**EXERCISE DATA:**
◆ ◆ ◆
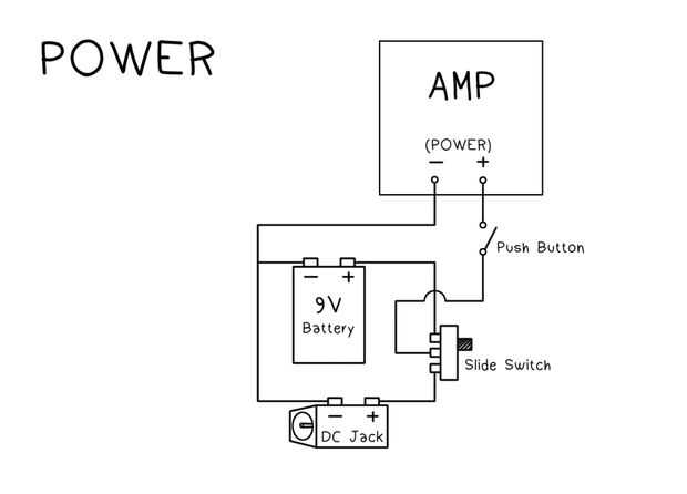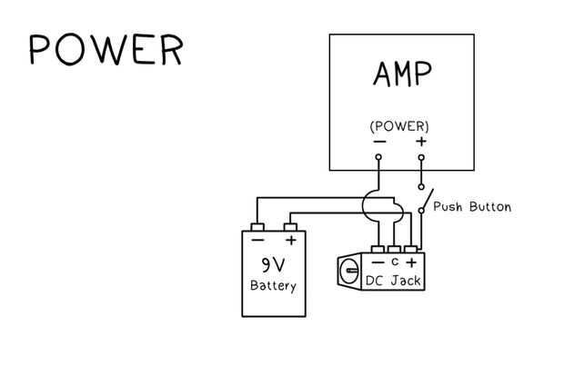 Si tu DC jack no está conmutado (2 puntas) y luego ver el segundo diagrama.
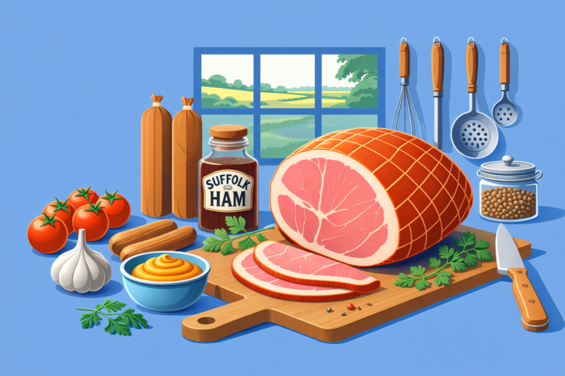 Шунката Съфолк е традиционен британски деликатес, който произхожда от графство Съфолк (Suffolk) в източната част на Англия. Тази шунка е известна със своя богат вкус и сочна текстура, които са резултат от почитан от времето процес на сушене, който е усъвършенстван в продължение на векове. Шунката Suffolk често се свързва със своя силен, леко солен вкус, балансиран с нотка на сладост, която идва от естествените захари в месото и всички добавени съставки по време на процеса на сушене.
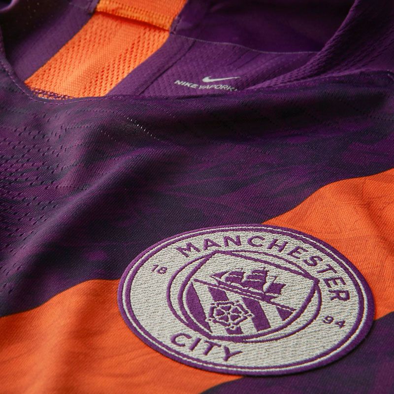 エンブレムの色はキットに合わせてパープルを基調。8年ぶりに復活したサッシュ(肩帯)はエンブレムにも描かれているが、これはマンチェスター市の紋章がデザインの元となっている。
◆ ◆ ◆
**INSTRUCTIONS FOR THE TASK:**
Restate the data above exactly, stripping out each image.

**RESULT OF THE TASK:**
 Si tu DC jack no está conmutado (2 puntas) y luego ver el segundo diagrama.
 Шунката Съфолк е традиционен британски деликатес, който произхожда от графство Съфолк (Suffolk) в източната част на Англия. Тази шунка е известна със своя богат вкус и сочна текстура, които са резултат от почитан от времето процес на сушене, който е усъвършенстван в продължение на векове. Шунката Suffolk често се свързва със своя силен, леко солен вкус, балансиран с нотка на сладост, която идва от естествените захари в месото и всички добавени съставки по време на процеса на сушене.
 エンブレムの色はキットに合わせてパープルを基調。8年ぶりに復活したサッシュ(肩帯)はエンブレムにも描かれているが、これはマンチェスター市の紋章がデザインの元となっている。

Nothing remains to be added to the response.